Find the expected value of $\frac{1}{X+1}$ where $X$ is binomial

Question

The problem:

X is a binomial random variable, find $E[\frac{1}{X+1}]$ n and p are not given

PDF for a binomial distribution is $\binom{n}{k}p^k(1-p)^{n-k}$

Expected value is $\sum{x_ip(x_i)}$

But this is where I get stuck, I'm really rusty on my statistics and I'm not sure exactly how to structure it in the next step? I think I want to get the form of the following out of the summation

$\sum _{k=0}^{n} \binom{n}{k}p^k(1-p)^{n-k} = (p + 1 - p)^n = 1$

But I'm not sure if it should look like

$\sum \frac{1}{xp(x)+1} $

and if it should where to go from here?

Answer 1

By definition of Expectation, $\mathbb{E}(\frac{1}{1+X})$ should look like $\sum \frac{1}{1+x}\cdot p(x)$. In fact, $$\mathbb{E}(\frac{1}{1+X})=\sum_{k=0}^{n}\frac{1}{1+k}\cdot {n \choose k}p^k(1-p)^{n-k}=\frac{1}{(n+1)p}\cdot \sum_{k=0}^{n}{n+1 \choose k+1}\cdot p^{k+1}(1-p)^{n-k}=\frac{1}{(n+1)p}\cdot(1-(1-p)^{n+1}) $$

Answer 2

Law of the unconscious statistician: if $X$ has probability mass function $p(x)$, then $E[f(X)] = \sum_x p(x) f(x)$.

Answer 3

Using the law of the unconscious statistician we get that $$ E\left[\frac{1}{X+1}\right]=\sum_{k=0}^n\frac{1}{1+k}\binom{n}{k}p^k(1-p)^{n-k} $$ which should be computed. To do that, try and write $\frac{1}{k+1}$ as part of the term $\binom{n}{k}$ by noting that $$ \frac{1}{k+1}\binom{n}{k}=\binom{n+1}{k+1}\frac{1}{n+1}. $$

Answer 4

Another way to solve:

Use the fact $E\left[ \dfrac{1}{X+a}\right]=\int_{0}^{1}t^{a-1}. P_X(t)\, dt$ where $P_X(t)$ is PGF(Probability Generating Function) .
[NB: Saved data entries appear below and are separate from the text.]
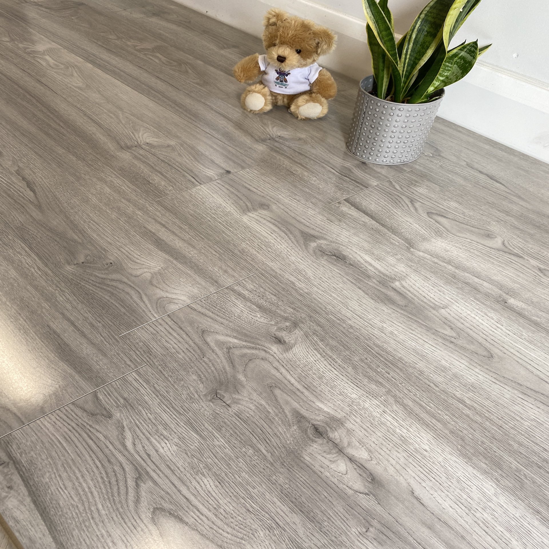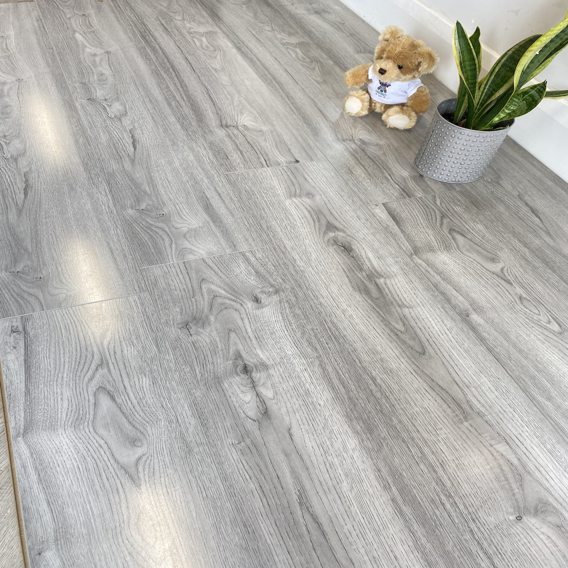 Specification: Diamond Grey Gloss Laminate – 12mm – Water & Scratch Resistant – Wood Floor Store
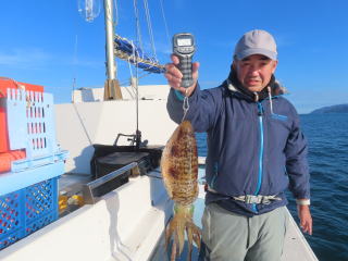 | 午後船 マダイ 0.5キロ〜2.1キロ 船中8枚 他アジ サバ 夜船 アオリイカ 胴長 16センチ〜26センチ 船中15杯 |
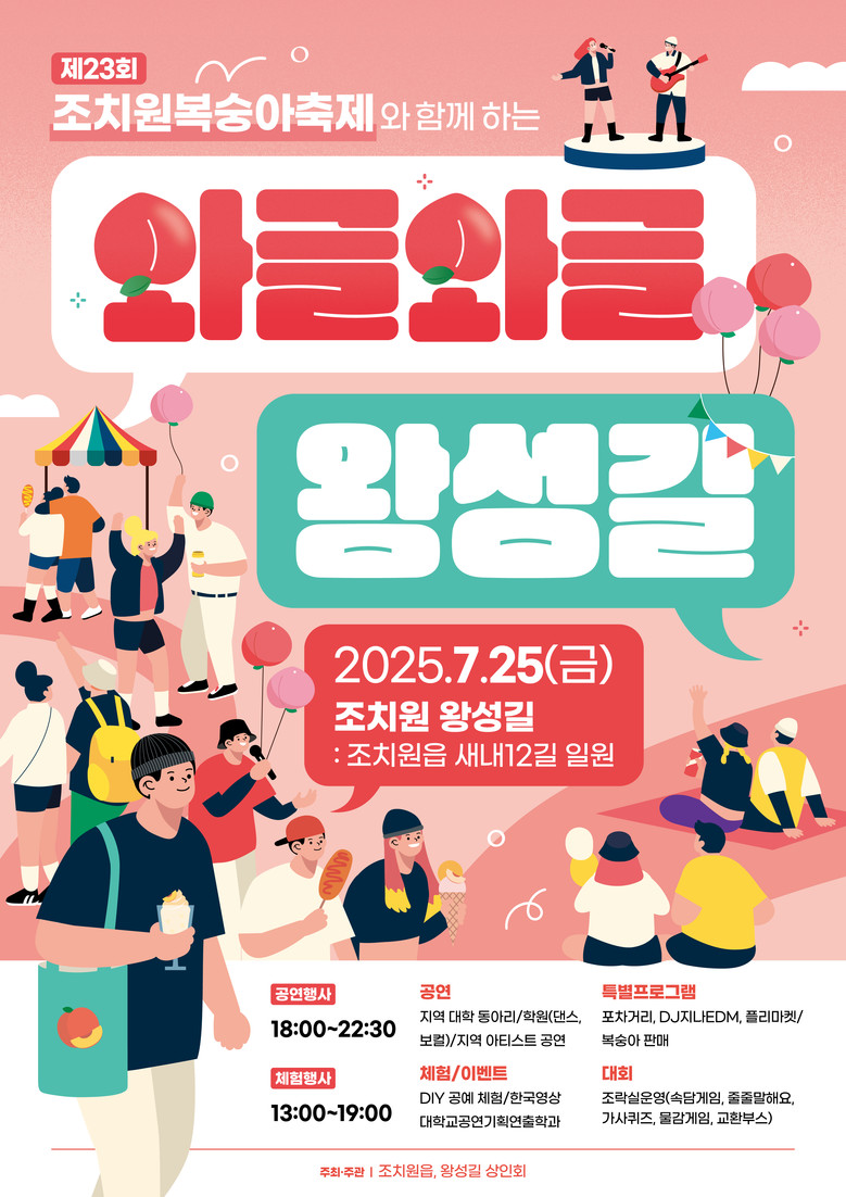 축제에서는 ▲지역 동호회·대학생 동아리 공연 ▲조치원복숭아 판매부스 ▲조치원 오락실 체험(공예 만들기·게임) ▲왕성길 야시장 포장마차 ▲전문 디제이(DJ) 파티 등 각양각색의 프로그램을 진행한다.

So $$\begin{align} E\left[ \dfrac{1}{X+1}\right]&=\int_{0}^{1}t^0. P_X(t)\, dt \\ &=\int_{0}^{1} (q+pt)^n\, dt \\ &=\dfrac{1-q^{n+1}}{(n+1)p}\end{align}$$ where $q=1-p$.

Answer 5

we know :$\frac{1}{X+1}=\int_{0}^{1}s^{X}ds$

$E(\frac{1}{X+1})=\int_{0}^{1}E(s^{X})ds$

$MGF=E(e^{tx})=(q+pe^t)^n;(p+q=1)$

Also

$E(s^{X})=(q+ps)^n$

Thus

$E(\frac{1}{X+1})=\int_{0}^{1}(q+ps)^nds=\dfrac{(q+ps)^{n+1}}{p(n+1)}\bigg]_{0}^{1}=\dfrac{(q+p)^{n+1}}{p(n+1)}-\dfrac{q^{n+1}}{p(n+1)}$ $=\dfrac{1}{p(n+1)}-\dfrac{q^{n+1}}{p(n+1)}$